Rev. Jesse Jackson, a civil rights icon, dies at 84.
I met him in 1999 or so by being at the wrong place at the right time. I worked for Amherst College in the Media Center in the late 90s. It was a lousy job that paid terribly. I never saw $10 an hour, and my boss had to keep my hours under 20 a week or the college would be forced to give me benefits. That meant I'd have to take entire weeks off but also get called in last minute because I was needed.
At that time, Jesse Jackon's star had ridden pretty high and he hadn't yet been rocked by any scandals. He was giving a talk at Amherst College. The largest auditorium space they had (outside of the goddamn gymnasium, which was an echoey nightmare) was Johnson Chapel. I was tasked with getting the sound running, but I wasn't allowed to wire up the speaker with a lavalier mic. Filthy peasants like me weren't supposed to get near the important people. Joke was on them, because Jesse wanted a conventional podium mic.
Long and not super interesting story short, I was late getting to one of the locations. I arrived huffing and puffing. There was extra security on campus because Jesse Jackson was a big deal but the cops were still pretty chill (this was pre-9/11 and the age of paranoia). The town police had no idea who I was of course, the College ones knew me. I told one of them "I'm here to do sound, where are they?" He said "they're in the The Octagon, doing a press conference." I jogged over there and went in the front door.
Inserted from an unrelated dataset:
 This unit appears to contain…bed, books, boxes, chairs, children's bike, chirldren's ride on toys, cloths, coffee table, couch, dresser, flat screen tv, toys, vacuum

The press conference was in what had been the Octagon's library. One part of the downstairs was home to "The Afro-American Department" (the sign had not changed since the 70s) but it was too small even for a press conference. The library was upstair and the steps to are spiral (octagonal) and very creaky. I knew if I went up them, even slowly, I'd make such a racket everyone would be staring at me as I entered. So I stood there and waited. Next thing I knew there was a very tall black man, standing over me with his hand out. I hurriedly shook it and "uuh nice to meet you Mr. Jackson." The entire press gaggle and all the various dignitaries followed him down.
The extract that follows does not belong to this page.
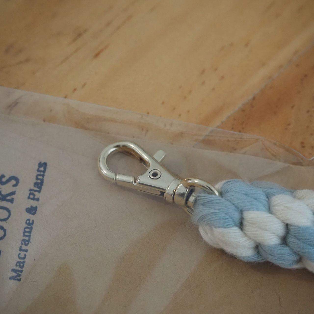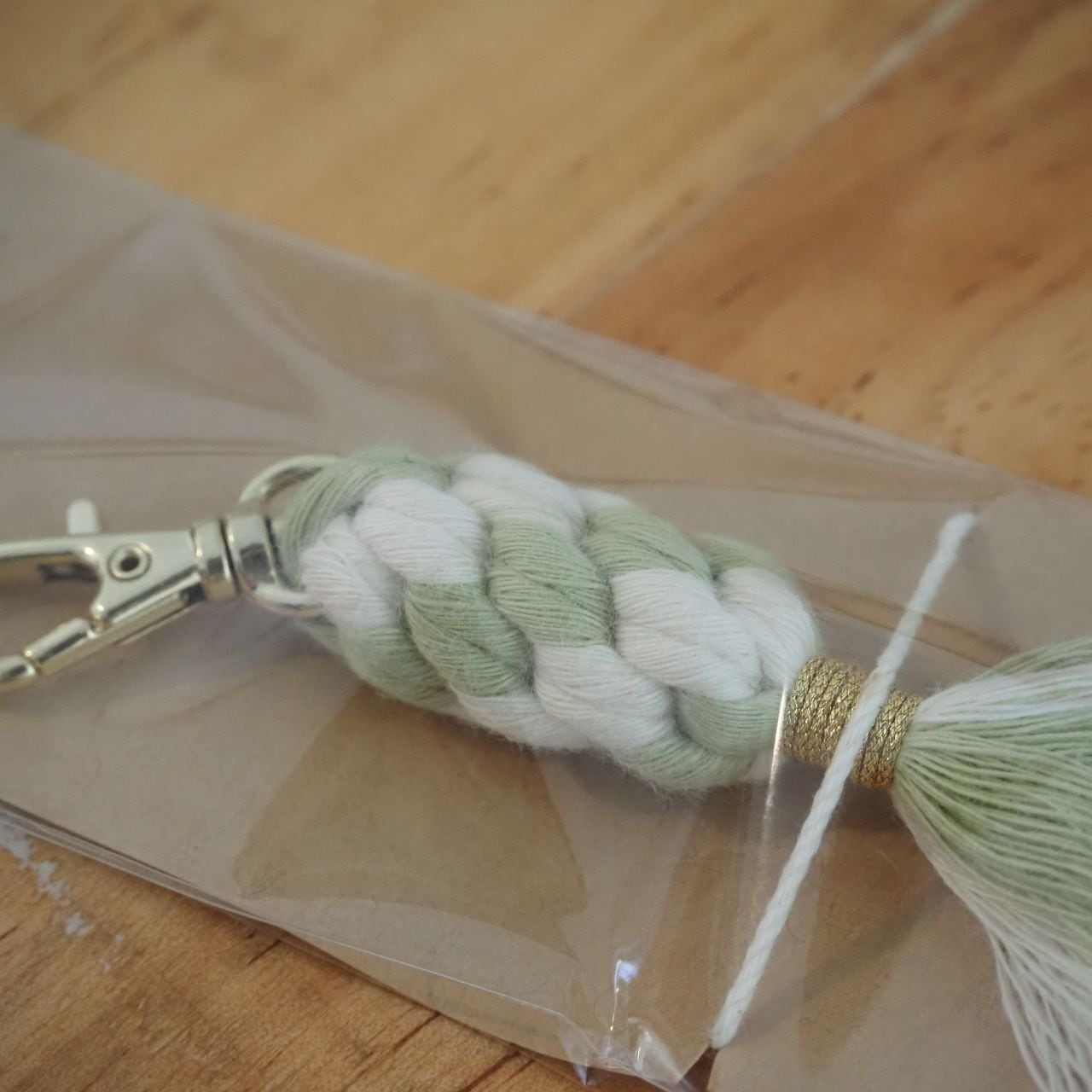 柔らかなオーガニックコットンコードで編まれたマクラメのキーホルダー。

Once the scrum had cleared, I went over to Johnson Chapel and found my boss and his (full time) assistant working. He gave me the look of death. I quickly told him the above story and he was sufficiently amused that he didn't admonish me for being late. There was a group from Poland that was video taping the talk. They had one guy who spoke English. He asked me for an audio tap from our sound board. I said "Yeah, not problem. It's mic output only however." He said "I had better get our sound engineer." The engineer spoke no English, but I pointed at the output that said "mic" and he nodded. The English speaking Pole said to my boss "the universal language of sound engineers."